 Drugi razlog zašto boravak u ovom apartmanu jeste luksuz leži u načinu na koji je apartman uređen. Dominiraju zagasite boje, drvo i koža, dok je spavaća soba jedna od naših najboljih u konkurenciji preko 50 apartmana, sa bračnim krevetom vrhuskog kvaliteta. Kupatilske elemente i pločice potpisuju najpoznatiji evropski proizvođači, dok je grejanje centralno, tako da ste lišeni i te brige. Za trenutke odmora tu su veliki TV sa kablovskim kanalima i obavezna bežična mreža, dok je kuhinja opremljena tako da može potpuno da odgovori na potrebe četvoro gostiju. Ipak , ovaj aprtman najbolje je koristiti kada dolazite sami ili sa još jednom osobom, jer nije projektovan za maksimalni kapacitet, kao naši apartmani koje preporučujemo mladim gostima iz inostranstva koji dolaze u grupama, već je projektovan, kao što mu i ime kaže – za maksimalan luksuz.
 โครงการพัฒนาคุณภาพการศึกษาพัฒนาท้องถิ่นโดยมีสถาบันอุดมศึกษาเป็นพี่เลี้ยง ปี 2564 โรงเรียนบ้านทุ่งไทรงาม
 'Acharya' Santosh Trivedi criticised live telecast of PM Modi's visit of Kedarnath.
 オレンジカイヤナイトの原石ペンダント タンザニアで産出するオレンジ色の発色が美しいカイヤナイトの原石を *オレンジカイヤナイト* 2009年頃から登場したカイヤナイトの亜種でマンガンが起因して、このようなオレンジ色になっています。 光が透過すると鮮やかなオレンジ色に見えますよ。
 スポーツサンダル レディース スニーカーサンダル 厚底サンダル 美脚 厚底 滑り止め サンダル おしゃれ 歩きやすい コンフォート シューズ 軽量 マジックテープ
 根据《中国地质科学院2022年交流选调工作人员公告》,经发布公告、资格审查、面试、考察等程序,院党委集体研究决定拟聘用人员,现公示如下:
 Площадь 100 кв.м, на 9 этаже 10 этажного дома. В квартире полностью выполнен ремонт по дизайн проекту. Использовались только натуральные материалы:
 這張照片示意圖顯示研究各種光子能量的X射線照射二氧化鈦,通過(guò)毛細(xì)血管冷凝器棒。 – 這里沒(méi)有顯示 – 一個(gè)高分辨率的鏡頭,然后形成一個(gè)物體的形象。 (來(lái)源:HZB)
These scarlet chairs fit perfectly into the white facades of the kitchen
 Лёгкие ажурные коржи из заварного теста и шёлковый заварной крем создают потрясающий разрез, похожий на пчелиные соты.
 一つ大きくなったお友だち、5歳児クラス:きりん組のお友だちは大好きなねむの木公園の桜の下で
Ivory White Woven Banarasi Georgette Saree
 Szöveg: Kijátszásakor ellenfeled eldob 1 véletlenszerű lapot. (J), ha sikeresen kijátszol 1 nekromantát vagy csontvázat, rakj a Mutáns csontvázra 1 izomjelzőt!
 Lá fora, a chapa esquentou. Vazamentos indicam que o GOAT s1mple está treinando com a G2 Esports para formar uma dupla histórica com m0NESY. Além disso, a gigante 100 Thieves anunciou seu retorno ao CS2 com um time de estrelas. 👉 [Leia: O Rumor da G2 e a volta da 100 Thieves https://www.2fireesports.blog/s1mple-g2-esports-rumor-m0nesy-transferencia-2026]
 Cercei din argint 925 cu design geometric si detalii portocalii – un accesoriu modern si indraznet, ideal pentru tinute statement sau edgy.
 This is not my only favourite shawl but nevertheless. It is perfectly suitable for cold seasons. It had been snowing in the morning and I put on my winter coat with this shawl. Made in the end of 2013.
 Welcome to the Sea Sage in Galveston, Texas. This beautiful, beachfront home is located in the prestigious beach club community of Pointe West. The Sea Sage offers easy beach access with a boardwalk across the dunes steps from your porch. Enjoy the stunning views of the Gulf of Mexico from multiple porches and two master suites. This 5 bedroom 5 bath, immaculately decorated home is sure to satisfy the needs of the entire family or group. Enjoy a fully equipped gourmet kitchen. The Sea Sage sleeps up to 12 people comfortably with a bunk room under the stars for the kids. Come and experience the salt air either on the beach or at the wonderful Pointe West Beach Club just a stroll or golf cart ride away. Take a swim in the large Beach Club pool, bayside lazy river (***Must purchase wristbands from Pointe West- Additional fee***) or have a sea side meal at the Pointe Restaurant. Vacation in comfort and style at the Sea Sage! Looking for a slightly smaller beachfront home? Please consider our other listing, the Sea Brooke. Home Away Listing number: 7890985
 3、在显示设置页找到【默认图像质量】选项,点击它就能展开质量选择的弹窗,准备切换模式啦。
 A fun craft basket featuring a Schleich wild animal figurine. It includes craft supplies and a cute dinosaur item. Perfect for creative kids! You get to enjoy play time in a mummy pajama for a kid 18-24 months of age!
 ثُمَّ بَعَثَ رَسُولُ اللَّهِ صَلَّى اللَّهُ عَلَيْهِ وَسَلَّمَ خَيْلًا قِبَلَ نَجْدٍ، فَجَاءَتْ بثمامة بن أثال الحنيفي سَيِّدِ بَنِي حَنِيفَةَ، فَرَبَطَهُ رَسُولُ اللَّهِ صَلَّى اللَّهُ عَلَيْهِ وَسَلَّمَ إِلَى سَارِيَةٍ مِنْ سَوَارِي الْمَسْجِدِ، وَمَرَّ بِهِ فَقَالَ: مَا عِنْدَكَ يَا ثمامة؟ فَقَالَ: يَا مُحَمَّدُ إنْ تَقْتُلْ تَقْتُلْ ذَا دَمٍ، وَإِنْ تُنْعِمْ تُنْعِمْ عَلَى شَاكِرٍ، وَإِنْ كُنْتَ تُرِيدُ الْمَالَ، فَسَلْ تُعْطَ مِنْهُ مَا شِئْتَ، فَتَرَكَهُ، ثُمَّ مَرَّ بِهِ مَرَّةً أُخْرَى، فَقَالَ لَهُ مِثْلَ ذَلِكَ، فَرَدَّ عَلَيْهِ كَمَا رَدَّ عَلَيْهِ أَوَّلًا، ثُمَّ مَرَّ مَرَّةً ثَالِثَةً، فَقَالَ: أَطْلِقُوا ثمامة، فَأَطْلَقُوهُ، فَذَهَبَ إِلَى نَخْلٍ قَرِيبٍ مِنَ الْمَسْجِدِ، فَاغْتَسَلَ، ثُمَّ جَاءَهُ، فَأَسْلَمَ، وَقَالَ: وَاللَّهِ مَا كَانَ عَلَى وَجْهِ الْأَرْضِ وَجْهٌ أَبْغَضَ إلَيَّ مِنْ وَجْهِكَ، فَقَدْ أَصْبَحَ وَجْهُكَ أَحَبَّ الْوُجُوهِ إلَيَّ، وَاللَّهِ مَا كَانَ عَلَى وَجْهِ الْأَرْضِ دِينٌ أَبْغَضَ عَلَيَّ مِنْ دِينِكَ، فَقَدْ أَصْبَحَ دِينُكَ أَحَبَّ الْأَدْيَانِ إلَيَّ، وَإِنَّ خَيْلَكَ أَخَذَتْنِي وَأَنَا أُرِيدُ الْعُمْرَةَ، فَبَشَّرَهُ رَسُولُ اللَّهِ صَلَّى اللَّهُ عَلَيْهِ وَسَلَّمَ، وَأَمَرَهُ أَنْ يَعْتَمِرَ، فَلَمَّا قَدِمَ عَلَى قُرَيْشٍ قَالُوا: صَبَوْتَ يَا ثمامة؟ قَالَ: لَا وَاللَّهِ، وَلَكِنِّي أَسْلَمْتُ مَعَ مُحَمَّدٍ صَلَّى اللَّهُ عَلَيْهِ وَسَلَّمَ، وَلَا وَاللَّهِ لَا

• • • •

▸ **TRY IT**
The expected response is the entire listing, repeated word for word.

▸ **EXERCISE ANSWER**
 Drugi razlog zašto boravak u ovom apartmanu jeste luksuz leži u načinu na koji je apartman uređen. Dominiraju zagasite boje, drvo i koža, dok je spavaća soba jedna od naših najboljih u konkurenciji preko 50 apartmana, sa bračnim krevetom vrhuskog kvaliteta. Kupatilske elemente i pločice potpisuju najpoznatiji evropski proizvođači, dok je grejanje centralno, tako da ste lišeni i te brige. Za trenutke odmora tu su veliki TV sa kablovskim kanalima i obavezna bežična mreža, dok je kuhinja opremljena tako da može potpuno da odgovori na potrebe četvoro gostiju. Ipak , ovaj aprtman najbolje je koristiti kada dolazite sami ili sa još jednom osobom, jer nije projektovan za maksimalni kapacitet, kao naši apartmani koje preporučujemo mladim gostima iz inostranstva koji dolaze u grupama, već je projektovan, kao što mu i ime kaže – za maksimalan luksuz.
 โครงการพัฒนาคุณภาพการศึกษาพัฒนาท้องถิ่นโดยมีสถาบันอุดมศึกษาเป็นพี่เลี้ยง ปี 2564 โรงเรียนบ้านทุ่งไทรงาม
 'Acharya' Santosh Trivedi criticised live telecast of PM Modi's visit of Kedarnath.
 オレンジカイヤナイトの原石ペンダント タンザニアで産出するオレンジ色の発色が美しいカイヤナイトの原石を *オレンジカイヤナイト* 2009年頃から登場したカイヤナイトの亜種でマンガンが起因して、このようなオレンジ色になっています。 光が透過すると鮮やかなオレンジ色に見えますよ。
 スポーツサンダル レディース スニーカーサンダル 厚底サンダル 美脚 厚底 滑り止め サンダル おしゃれ 歩きやすい コンフォート シューズ 軽量 マジックテープ
 根据《中国地质科学院2022年交流选调工作人员公告》,经发布公告、资格审查、面试、考察等程序,院党委集体研究决定拟聘用人员,现公示如下:
 Площадь 100 кв.м, на 9 этаже 10 этажного дома. В квартире полностью выполнен ремонт по дизайн проекту. Использовались только натуральные материалы:
 這張照片示意圖顯示研究各種光子能量的X射線照射二氧化鈦,通過(guò)毛細(xì)血管冷凝器棒。 – 這里沒(méi)有顯示 – 一個(gè)高分辨率的鏡頭,然后形成一個(gè)物體的形象。 (來(lái)源:HZB)
These scarlet chairs fit perfectly into the white facades of the kitchen
 Лёгкие ажурные коржи из заварного теста и шёлковый заварной крем создают потрясающий разрез, похожий на пчелиные соты.
 一つ大きくなったお友だち、5歳児クラス:きりん組のお友だちは大好きなねむの木公園の桜の下で
Ivory White Woven Banarasi Georgette Saree
 Szöveg: Kijátszásakor ellenfeled eldob 1 véletlenszerű lapot. (J), ha sikeresen kijátszol 1 nekromantát vagy csontvázat, rakj a Mutáns csontvázra 1 izomjelzőt!
 Lá fora, a chapa esquentou. Vazamentos indicam que o GOAT s1mple está treinando com a G2 Esports para formar uma dupla histórica com m0NESY. Além disso, a gigante 100 Thieves anunciou seu retorno ao CS2 com um time de estrelas. 👉 [Leia: O Rumor da G2 e a volta da 100 Thieves https://www.2fireesports.blog/s1mple-g2-esports-rumor-m0nesy-transferencia-2026]
 Cercei din argint 925 cu design geometric si detalii portocalii – un accesoriu modern si indraznet, ideal pentru tinute statement sau edgy.
 This is not my only favourite shawl but nevertheless. It is perfectly suitable for cold seasons. It had been snowing in the morning and I put on my winter coat with this shawl. Made in the end of 2013.
 Welcome to the Sea Sage in Galveston, Texas. This beautiful, beachfront home is located in the prestigious beach club community of Pointe West. The Sea Sage offers easy beach access with a boardwalk across the dunes steps from your porch. Enjoy the stunning views of the Gulf of Mexico from multiple porches and two master suites. This 5 bedroom 5 bath, immaculately decorated home is sure to satisfy the needs of the entire family or group. Enjoy a fully equipped gourmet kitchen. The Sea Sage sleeps up to 12 people comfortably with a bunk room under the stars for the kids. Come and experience the salt air either on the beach or at the wonderful Pointe West Beach Club just a stroll or golf cart ride away. Take a swim in the large Beach Club pool, bayside lazy river (***Must purchase wristbands from Pointe West- Additional fee***) or have a sea side meal at the Pointe Restaurant. Vacation in comfort and style at the Sea Sage! Looking for a slightly smaller beachfront home? Please consider our other listing, the Sea Brooke. Home Away Listing number: 7890985
 3、在显示设置页找到【默认图像质量】选项,点击它就能展开质量选择的弹窗,准备切换模式啦。
 A fun craft basket featuring a Schleich wild animal figurine. It includes craft supplies and a cute dinosaur item. Perfect for creative kids! You get to enjoy play time in a mummy pajama for a kid 18-24 months of age!
 ثُمَّ بَعَثَ رَسُولُ اللَّهِ صَلَّى اللَّهُ عَلَيْهِ وَسَلَّمَ خَيْلًا قِبَلَ نَجْدٍ، فَجَاءَتْ بثمامة بن أثال الحنيفي سَيِّدِ بَنِي حَنِيفَةَ، فَرَبَطَهُ رَسُولُ اللَّهِ صَلَّى اللَّهُ عَلَيْهِ وَسَلَّمَ إِلَى سَارِيَةٍ مِنْ سَوَارِي الْمَسْجِدِ، وَمَرَّ بِهِ فَقَالَ: مَا عِنْدَكَ يَا ثمامة؟ فَقَالَ: يَا مُحَمَّدُ إنْ تَقْتُلْ تَقْتُلْ ذَا دَمٍ، وَإِنْ تُنْعِمْ تُنْعِمْ عَلَى شَاكِرٍ، وَإِنْ كُنْتَ تُرِيدُ الْمَالَ، فَسَلْ تُعْطَ مِنْهُ مَا شِئْتَ، فَتَرَكَهُ، ثُمَّ مَرَّ بِهِ مَرَّةً أُخْرَى، فَقَالَ لَهُ مِثْلَ ذَلِكَ، فَرَدَّ عَلَيْهِ كَمَا رَدَّ عَلَيْهِ أَوَّلًا، ثُمَّ مَرَّ مَرَّةً ثَالِثَةً، فَقَالَ: أَطْلِقُوا ثمامة، فَأَطْلَقُوهُ، فَذَهَبَ إِلَى نَخْلٍ قَرِيبٍ مِنَ الْمَسْجِدِ، فَاغْتَسَلَ، ثُمَّ جَاءَهُ، فَأَسْلَمَ، وَقَالَ: وَاللَّهِ مَا كَانَ عَلَى وَجْهِ الْأَرْضِ وَجْهٌ أَبْغَضَ إلَيَّ مِنْ وَجْهِكَ، فَقَدْ أَصْبَحَ وَجْهُكَ أَحَبَّ الْوُجُوهِ إلَيَّ، وَاللَّهِ مَا كَانَ عَلَى وَجْهِ الْأَرْضِ دِينٌ أَبْغَضَ عَلَيَّ مِنْ دِينِكَ، فَقَدْ أَصْبَحَ دِينُكَ أَحَبَّ الْأَدْيَانِ إلَيَّ، وَإِنَّ خَيْلَكَ أَخَذَتْنِي وَأَنَا أُرِيدُ الْعُمْرَةَ، فَبَشَّرَهُ رَسُولُ اللَّهِ صَلَّى اللَّهُ عَلَيْهِ وَسَلَّمَ، وَأَمَرَهُ أَنْ يَعْتَمِرَ، فَلَمَّا قَدِمَ عَلَى قُرَيْشٍ قَالُوا: صَبَوْتَ يَا ثمامة؟ قَالَ: لَا وَاللَّهِ، وَلَكِنِّي أَسْلَمْتُ مَعَ مُحَمَّدٍ صَلَّى اللَّهُ عَلَيْهِ وَسَلَّمَ، وَلَا وَاللَّهِ لَا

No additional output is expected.